Но с другой стороны, в истории постоянно встречаются ситуации с довольно быстрой сменой господствующих моделей поведения. Самая известная из которых – ситуация, возникшая после развала СССР, когда огромная масса населения из вчерашних жителей социализма стала типичными представителями хищнического капитализма. Да, не меньшая (точнее, большая) часть – не стала, хотя со временем и их поведение значительно «подкорректировалось» новыми условиями. Но даже с учетом этого становится понятным, что с привычным нам представлением о психической устойчивости надо что-то делать. В качестве самого яркого примера можно было бы привести процессы, протекающие на современной Украине, однако эта тема сейчас настолько «замылена», что лучше этого не делать. Впрочем, в других республиках происходили не менее серьезные изменения – один переход значительной части тех же «среднеазиатов» или жителей Кавказа на «исламские позиции» чего стоит. Тут даже воспитательный фактор оказывается бессилен: превращение бывших пионеров и комсомольцев в «воинов Аллаха», как может показаться, полностью разрушает все представления о формировании личности. То же самое, впрочем, причем еще более выпукло, может наблюдаться на Ближнем Востоке, где модернизационные режимы, господствующие там с начала XX века, крайне быстро меняются на торжество крайнего исламизма.
* * *
Все это означает, что существует некий фактор, выступающий «ключом» к психическому изменению, применение которого позволяет превратить психику из «монолита», к которому психологи могут годами искать подход, к «пластилину», который крайне легко «перелепить» из комсомольца в исламиста. Впрочем, никакой тайны в этом факторе нет, и на самом деле он весьма очевиден. Речь идет о массовости изменений. С человеческой психикой, как с любой сложной системой, существует парадоксальная ситуация: для того, чтобы изменить одну личность, надо затратить значительные усилия. Изменения массы личностей же не стоят ничего. Чтобы превратить комсомольца в исламиста необходимо всего лишь, чтобы он попал в окружение исламистов – вернее, чтобы его окружающие стали исламистами (если он попадет в чужое окружение, то ситуация будет другой).

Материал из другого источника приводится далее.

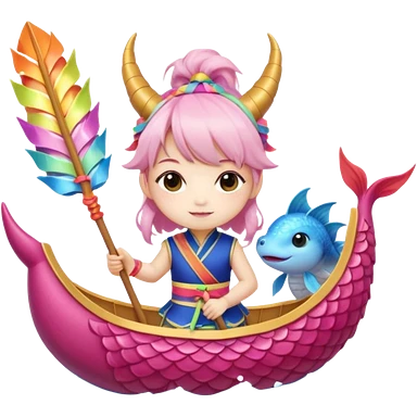 a-chibi-girl-dressed-as-a-dragon-boat-drummer,-holding-soft-pastel-drumsticks,-standing-in-a-fluffy-dragon-boat,-colorful-festival-ribbons-flying,-sparkles-and-cute-mini-fish-swimming-below,-soft emoji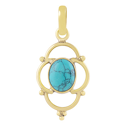 Home | Fashion Pendants | Brass Gemstone Pendants | Stunning Flower Around Turquoise Oval Shape Solid Brass Pendants

Впрочем, тут возникает вопрос: а как добиться этого? Т.е., получается, что изначально все равно придется превращать какое-то количество комсомольцев в исламистов в условиях, когда они будут в меньшинстве? Т.е., до определенного момента усилия в данном направлении должны быть все равно значительными – понятно, что по достижении определенного порога они начнут падать, но изначальные то изменения так же нужно делать.

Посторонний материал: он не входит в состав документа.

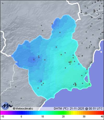 | Dolores (Torre Pacheco) | 40 | 11,3 | 18,3 | 10,9 | 53 | 67 | 35 | 1.016 | 1.017 | 1.011 | 6 NNE | 39 | - | 359,2 | |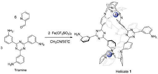 | Self-assembly and host-guest behaviors of a supramolecular helicate FeII2L3 |

И вот тут мы подходим к самому главному вопросу, который и открывает нам путь к изменению сознания человека. К тому, что же реально лежит в основании стабильности/нестабильности личности, как таковой. Речь идет о тех самых производственных отношениях, о которых так много говориться в марксизме – и которые кажутся столь неважными для всех остальных. (А для жителей бывшего СССР выступают вообще синонимом бреда – со всеми вытекающими из этого последствиями.) Но на самом деле, именно они являются главной «скрепой», определяющий то, как будет себя вести человек, и даже то, как он будет думать и чувствовать! Механизм тут довольно прост. Дело в том, что любая личность вольна использовать в своей жизни любые модели поведения – из тех, что существуют в общественном сознании. Человек может быть хиппи, исламистом, гомосексуалистом, либертарианцем, анархистом, православным хоругвеносцем, членом группы «Война», свидетелем Кришны, наркоманом, уличным гонщиком, любителем бизнес-тренингов, паркурщиком, членом «Сути времени» и т.д. – в общем, кем угодно. Он может поститься, молиться и слушать радио «Радонеж», а может бегать голым по улицам, может готовиться «бить чурок», а может желать убивать всех «неверных». При одном непременном условии – при том, что в этом случае он будет получать средства, достаточные для своего выживания и возможности держать выбранный «имидж».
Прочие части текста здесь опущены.